After World War II the red church in Comenius Square was entrusted to the Evangelical Church of Czech Brethren (ECCB) and together with the Bethlehem Church in Pellicova Street it serves to Brno I congregation. In Opletalova Street there is a congregation building which is partly used by one of Brno schools of the Evangelical Academy – Social-Law Academy. (the second Brno school is Secondary Medical School of EA in Brno-Líšeň).

Let us however return to the topic of the Czech Protestants in Brno. After a proclamation of the Toleration Patent there used to be a common worship with the German Protestants. Later the Czech Protestants of a reformed confession became a preaching station of a congregation in Nosislav and in the year 1906 an independent congregation was formed in Brno. At that time the Bethlehem Church in Pellicova Street was already built. The first worship in a Neo-Classicist church with a unique entrance and spacious worship space took place on the 23rd of May 1895. The church and the rectory were seriously damaged at the end of the Second World War during Brno bombing.

The number of the Protestants in Brno was increasing and therefore already at the beginning of the 20th century it was decided to build a congregation house, similar to Hus House in Prague. The magnificent plans were interrupted by the First World War. Modern Blahoslav House was ceremonially opened on the 14th of December 1924 and it serves its purpose as the Brno II congregation until now. The House has many purposefully equipped halls and a worship room. There is also a possibility of accommodation (suitable also for students, soldiers, believers from the village). A residential house where ministers and other religious workers live is attached to the worship space.

In Brno-Židenice, in Konečného Street a congregation was established in 1929. Soon a live congregation started to consider building a church and thanks to the plans of a congregation member architect Miloslav Tejc and diligence of a builder Zukal as well as the congregation members, a spacious functionalist church with a necessary facilities and with a rectory was opened on the 2nd of June 1935. Three bells (gift from congregation members) were hung in the tower. But just one of them was preserved…
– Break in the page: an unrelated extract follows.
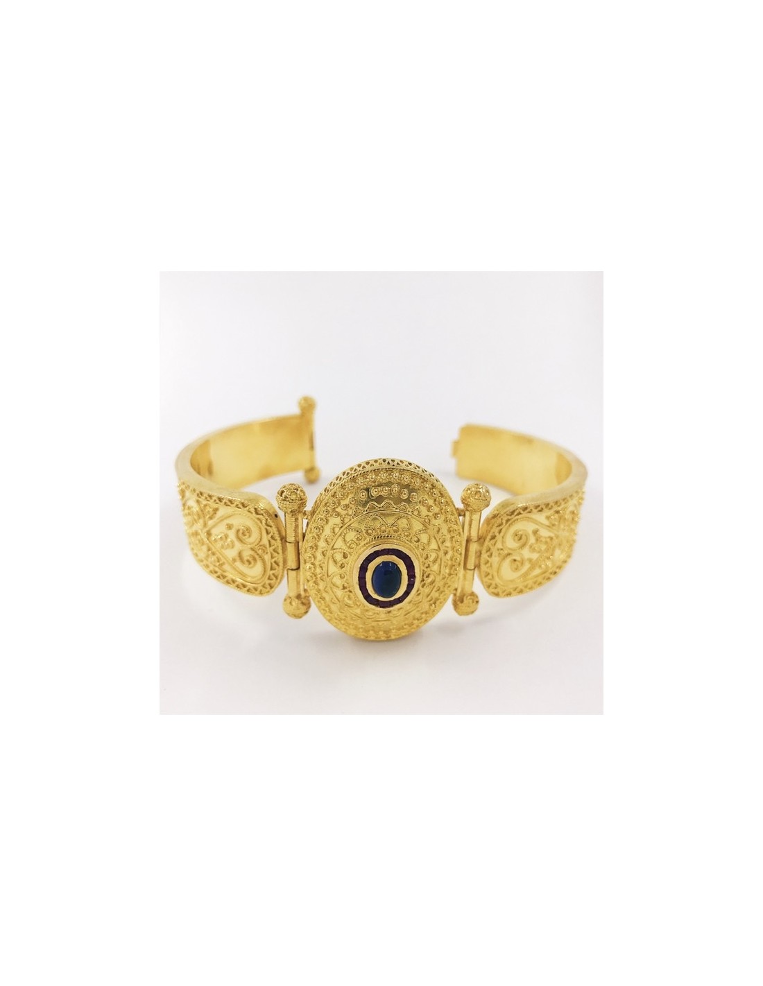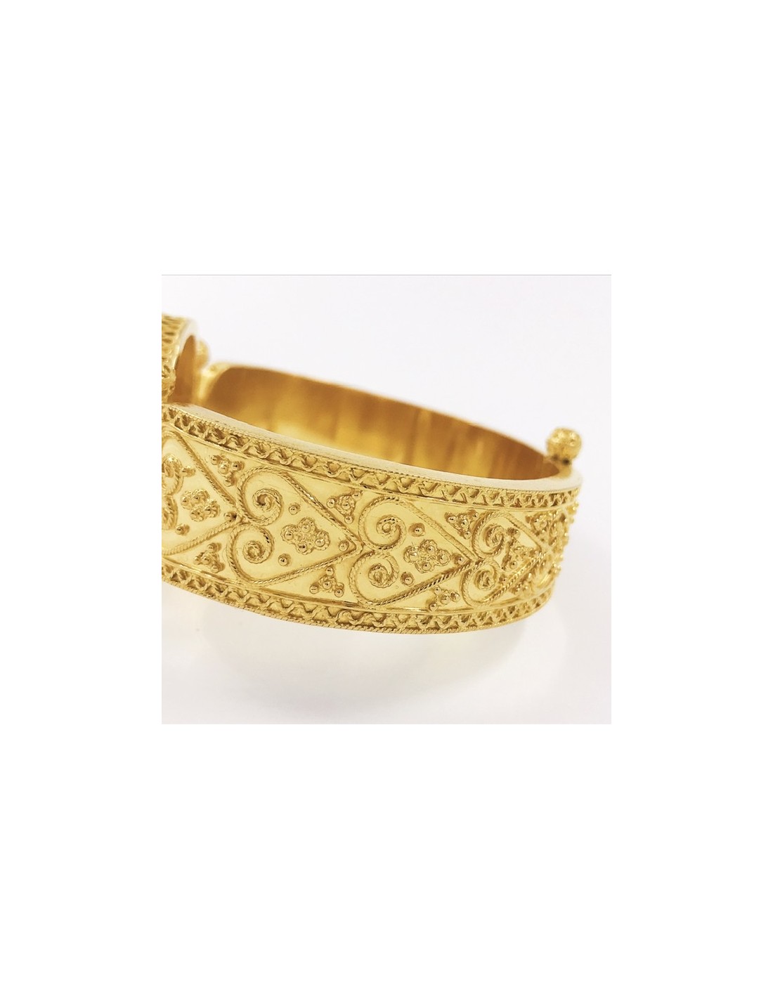 Magnifica pulsera de segunda mano en oro amarillo de primera ley en 22kt. Una preciosa pieza con gravados muy elavorados. Diámetro: 6cm. Peso: 66.7gr.

Air attacks at the end of the Second World War however also hit the new church in Židenice. It was almost completely destroyed but thanks to the dedication of people it was consecrated again as early as on the 2nd of June 1946 and it has been maintained perfectly until now.

The fourth congregation in Brno-Husovice was formed in the year 1945 and it owns a congregation house in Netušilova Street. The congregation is young and it relies on a community of young families with children. In the garden of the house a log-cabin for children and youth was built. A regular cultural event “Yard of Husovice” with a vernissage of exhibitions and theatrical performaces is held here. Bigbeat worship is as well very popular.
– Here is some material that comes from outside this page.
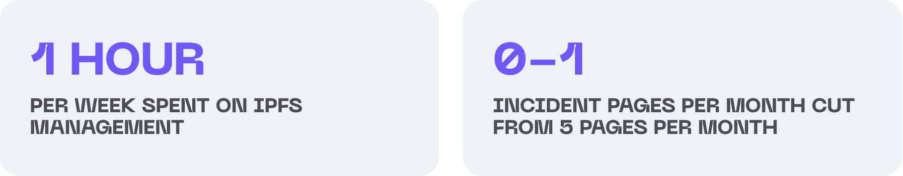 But managing their own IPFS instance came with growing complexity. The team was spending valuable engineering hours maintaining infrastructure instead of advancing core products. As The Graph expanded, the Edge & Node team was hitting performance limitations for what IPFS could handle in its current implementation.

The Czechoslovak Hussite Church has several congregations in Brno: it is Hus congregation, a functionalist church from the year 1929 in Botanická Street and a church in Brno-Královo Pole, the first sacred constructivist building from the year 1925. There is a Church of the Saviour in Brno-Židenice.

The Church of the Brethren has its congregation in Kounicova Street. The house of prayer with a big and small hall was built in the years 1924–1925; another congregation is in Brno-Královo Pole. Brno-Betanie congregation belongs here, too.

The Jewish synagogue from the year 1885 was burned to ground already on the 16th of March 1939. The other synagogues did not survive the Second World War, either. Only a synagogue in Skořepka Street was renewed in the year 1945 and it serves to the worship purposes. It is the only live synagogue in the whole territory of Moravia and Silesia.

The Orthodox Church has been using St. Wenceslas’ Church in Špilberk since 1931. Many other churches have also their tabernacles in Brno, the town of tolerance.